ASSIGNED TASK:
Find "Enter the woods" below and begin at its line; stop after the line with "測量2次:第一次結(jié)果為:17.77% 故障點距離為3636 m,換一端測量。". Output those lines exactly, without pictures.

[[ DATASET CONTENT open ]]

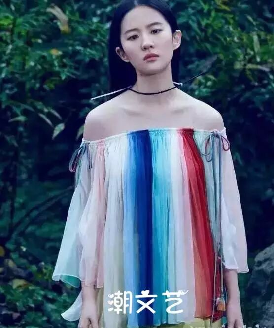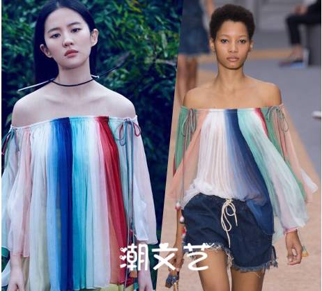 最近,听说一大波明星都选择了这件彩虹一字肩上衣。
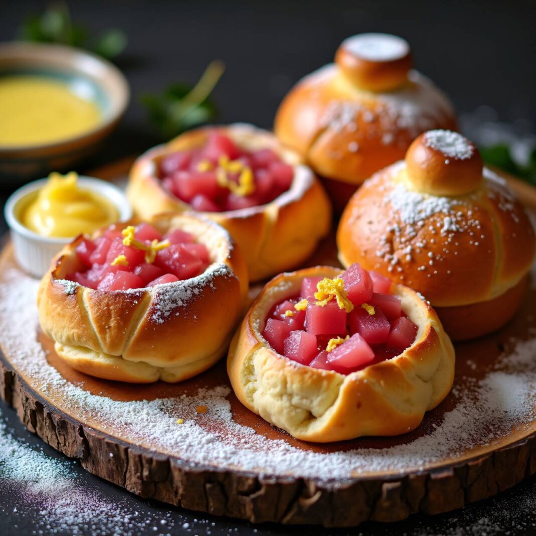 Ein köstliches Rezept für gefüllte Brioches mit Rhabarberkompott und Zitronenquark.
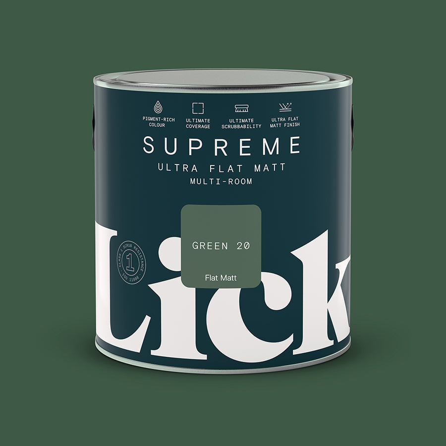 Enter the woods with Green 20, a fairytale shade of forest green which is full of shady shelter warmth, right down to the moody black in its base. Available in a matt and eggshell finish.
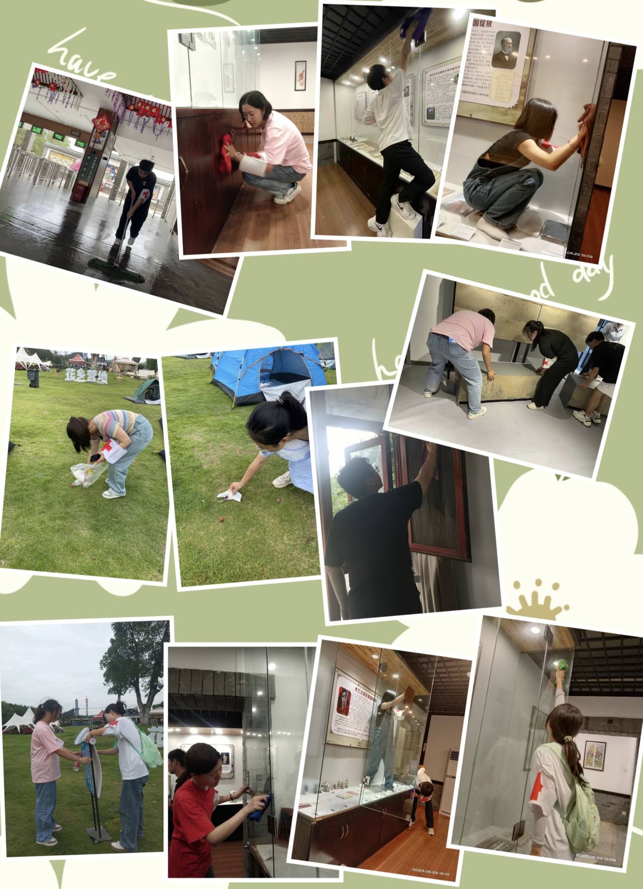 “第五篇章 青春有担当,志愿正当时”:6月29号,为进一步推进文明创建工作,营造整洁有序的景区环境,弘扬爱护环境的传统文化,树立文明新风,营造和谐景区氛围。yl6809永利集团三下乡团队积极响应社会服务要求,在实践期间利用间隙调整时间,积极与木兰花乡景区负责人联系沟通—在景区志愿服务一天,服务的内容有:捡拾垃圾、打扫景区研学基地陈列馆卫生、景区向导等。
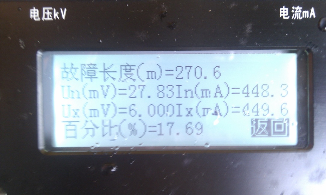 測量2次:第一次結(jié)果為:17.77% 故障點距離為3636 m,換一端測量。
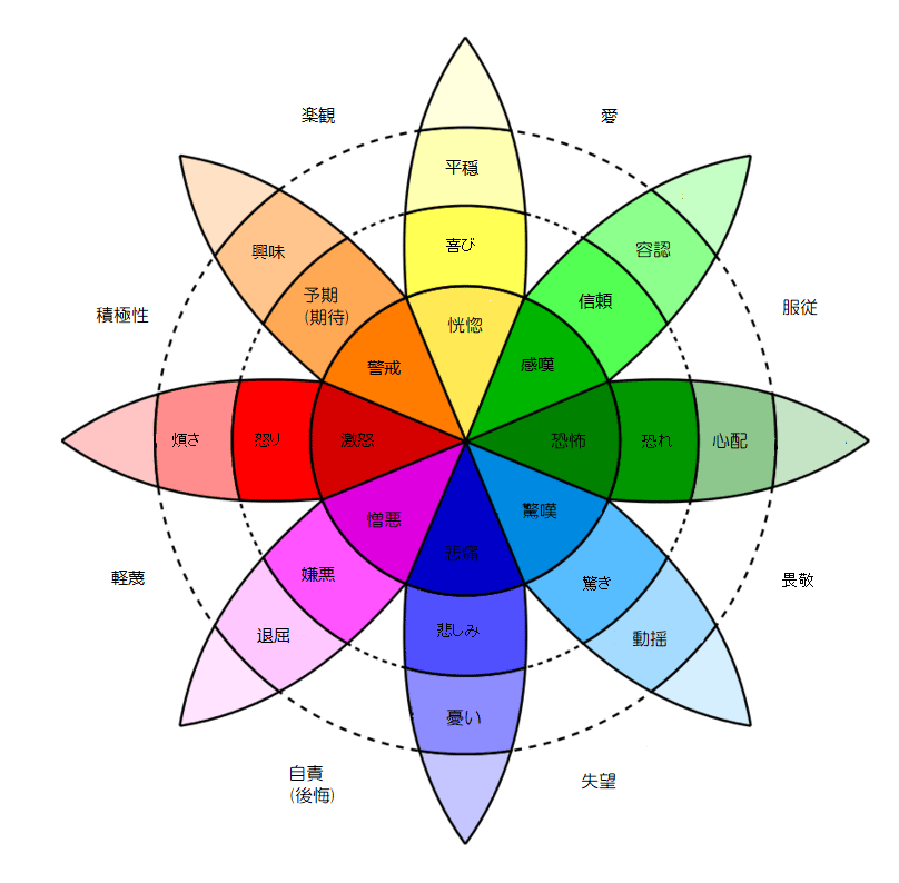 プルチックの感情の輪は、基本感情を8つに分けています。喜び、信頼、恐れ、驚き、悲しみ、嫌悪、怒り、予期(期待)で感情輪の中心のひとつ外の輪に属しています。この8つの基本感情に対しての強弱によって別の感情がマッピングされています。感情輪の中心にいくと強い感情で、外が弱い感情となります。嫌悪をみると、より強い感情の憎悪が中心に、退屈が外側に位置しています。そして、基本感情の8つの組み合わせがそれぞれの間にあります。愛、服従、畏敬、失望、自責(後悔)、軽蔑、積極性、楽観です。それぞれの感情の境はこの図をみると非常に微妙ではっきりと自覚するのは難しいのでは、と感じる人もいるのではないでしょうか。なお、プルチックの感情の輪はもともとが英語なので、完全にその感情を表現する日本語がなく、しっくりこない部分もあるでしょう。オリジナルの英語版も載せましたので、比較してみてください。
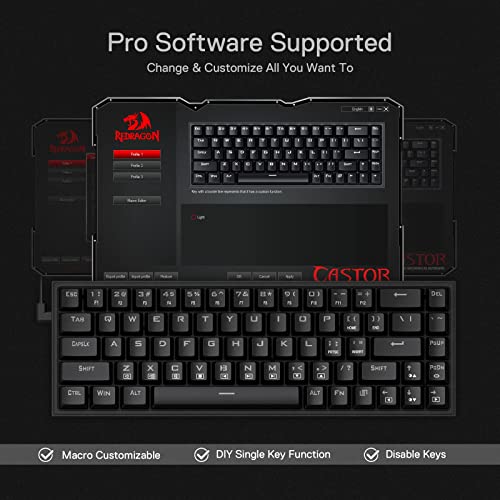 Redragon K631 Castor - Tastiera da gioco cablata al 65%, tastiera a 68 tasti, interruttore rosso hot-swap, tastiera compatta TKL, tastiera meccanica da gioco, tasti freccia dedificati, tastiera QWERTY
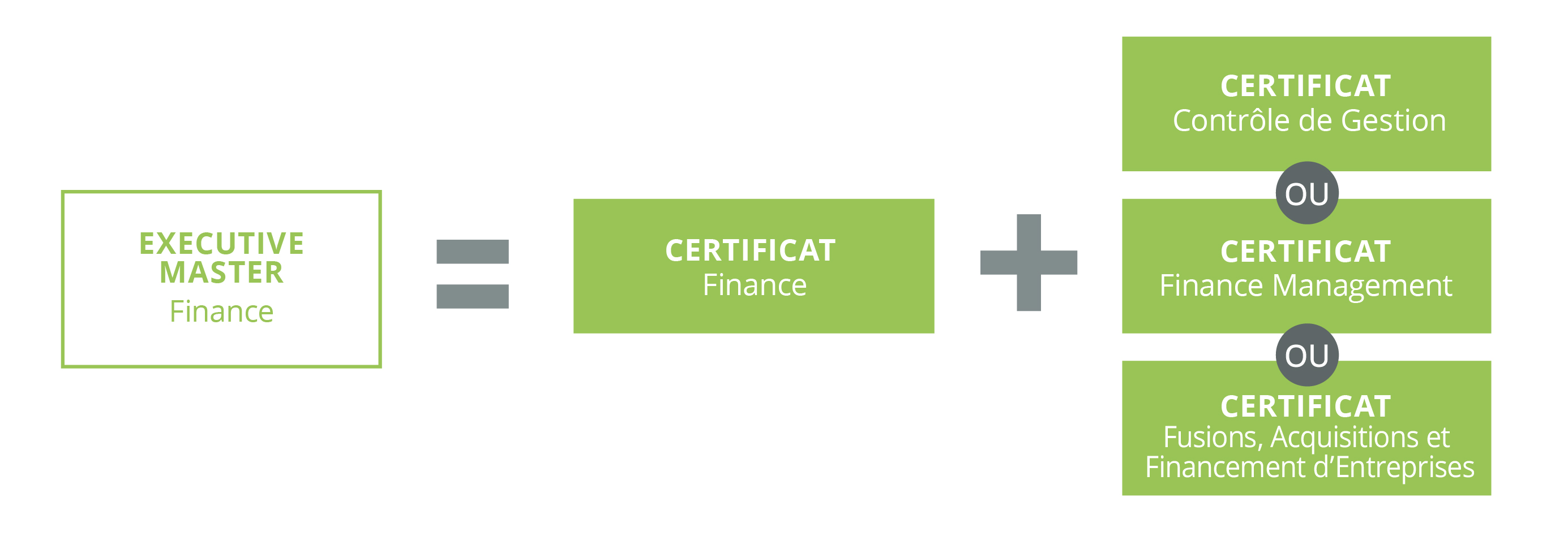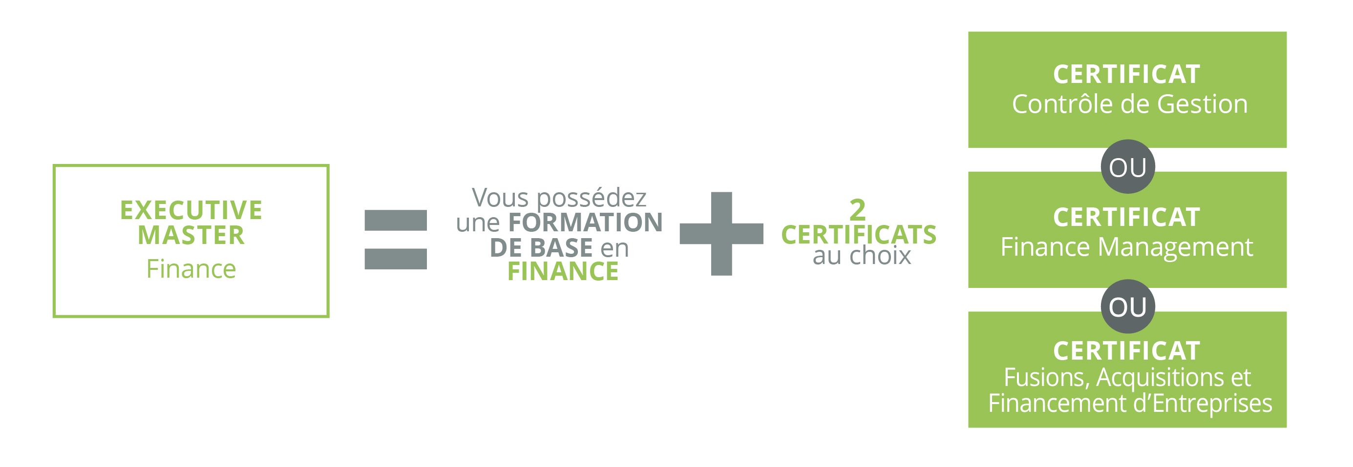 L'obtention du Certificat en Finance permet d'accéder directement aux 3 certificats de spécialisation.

[[ DATASET CONTENT closed ]]

ANSWER TO THIS EXERCISE:
 Enter the woods with Green 20, a fairytale shade of forest green which is full of shady shelter warmth, right down to the moody black in its base. Available in a matt and eggshell finish.
 “第五篇章 青春有担当,志愿正当时”:6月29号,为进一步推进文明创建工作,营造整洁有序的景区环境,弘扬爱护环境的传统文化,树立文明新风,营造和谐景区氛围。yl6809永利集团三下乡团队积极响应社会服务要求,在实践期间利用间隙调整时间,积极与木兰花乡景区负责人联系沟通—在景区志愿服务一天,服务的内容有:捡拾垃圾、打扫景区研学基地陈列馆卫生、景区向导等。
 測量2次:第一次結(jié)果為:17.77% 故障點距離為3636 m,換一端測量。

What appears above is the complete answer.